Exact copy, pictures omitted: the line holding "Des écarts entre" and every line after it down to the end of the entries.

========================================================================

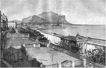 Al viaggiatore che arriva a Palermo per la via di mare, la città appare quasi come una bella distesa a terra, con i piedi verso le acque e la testa appoggiata contro le montagne. A destra appare il monte Pellegrino, rossastro, arido, selvaggio, tale che lo si crederebbe tagliato a colpi di picca. E bellissimo riesce il panorama anche a chi lo contempli dall'anzidetto monte e può
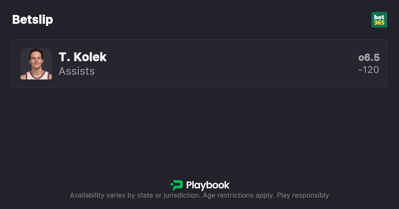 Pick: Tyler Kolek Over 6.5 Assists (-120)
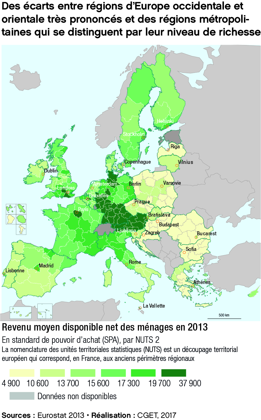 Des écarts entre régions d'Europe occidentale et orientale très prononcés et des régions métropolitaines qui se distinguent par leur niveau de richesse
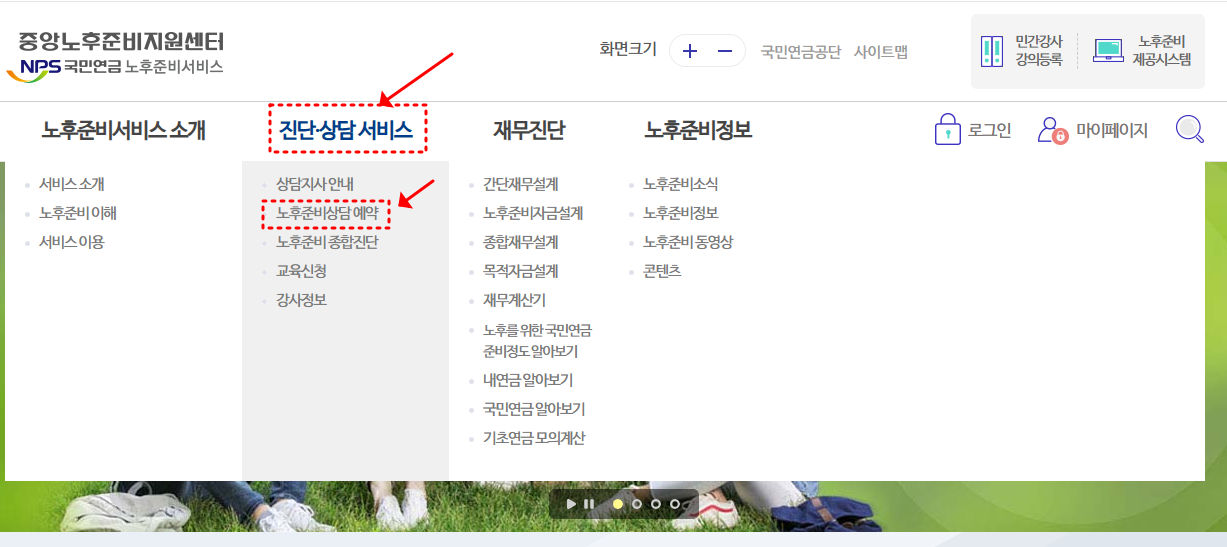 온라인 신청: 중앙노후준비지원센터 홈페이지에서 상담 예약과 노후준비 서비스에 대한 정보를 제공받을 수 있습니다. 이 홈페이지에서는 쉽게 신청할 수 있도록 가이드라인이 제공되므로, 온라인을 통해 빠르게 상담 예약이 가능합니다.
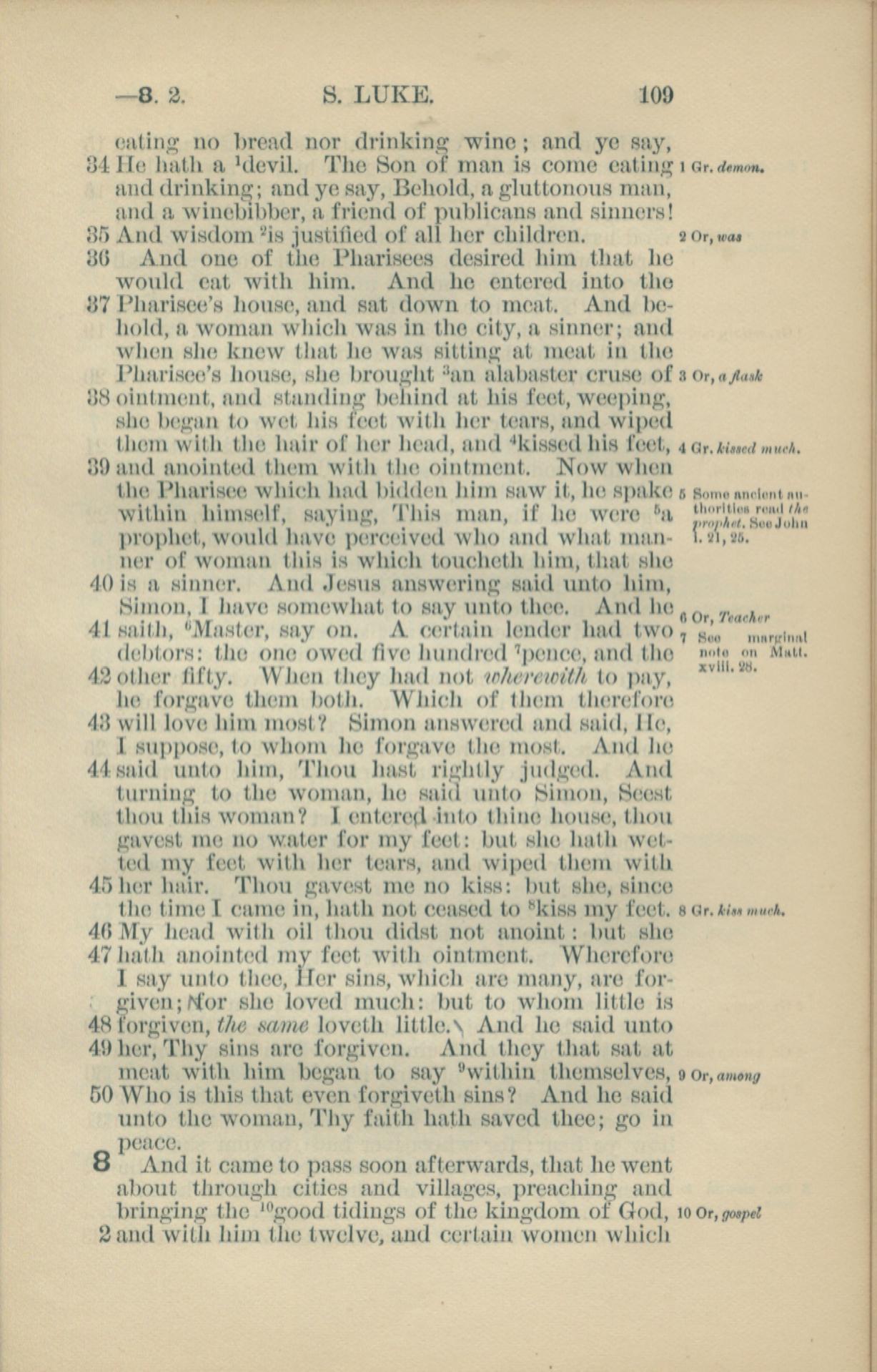 1881年New Testament 路加福音 7 章 34 節到 8 章 2 節

========================================================================

- Expected output:
 Des écarts entre régions d'Europe occidentale et orientale très prononcés et des régions métropolitaines qui se distinguent par leur niveau de richesse
 온라인 신청: 중앙노후준비지원센터 홈페이지에서 상담 예약과 노후준비 서비스에 대한 정보를 제공받을 수 있습니다. 이 홈페이지에서는 쉽게 신청할 수 있도록 가이드라인이 제공되므로, 온라인을 통해 빠르게 상담 예약이 가능합니다.
 1881年New Testament 路加福音 7 章 34 節到 8 章 2 節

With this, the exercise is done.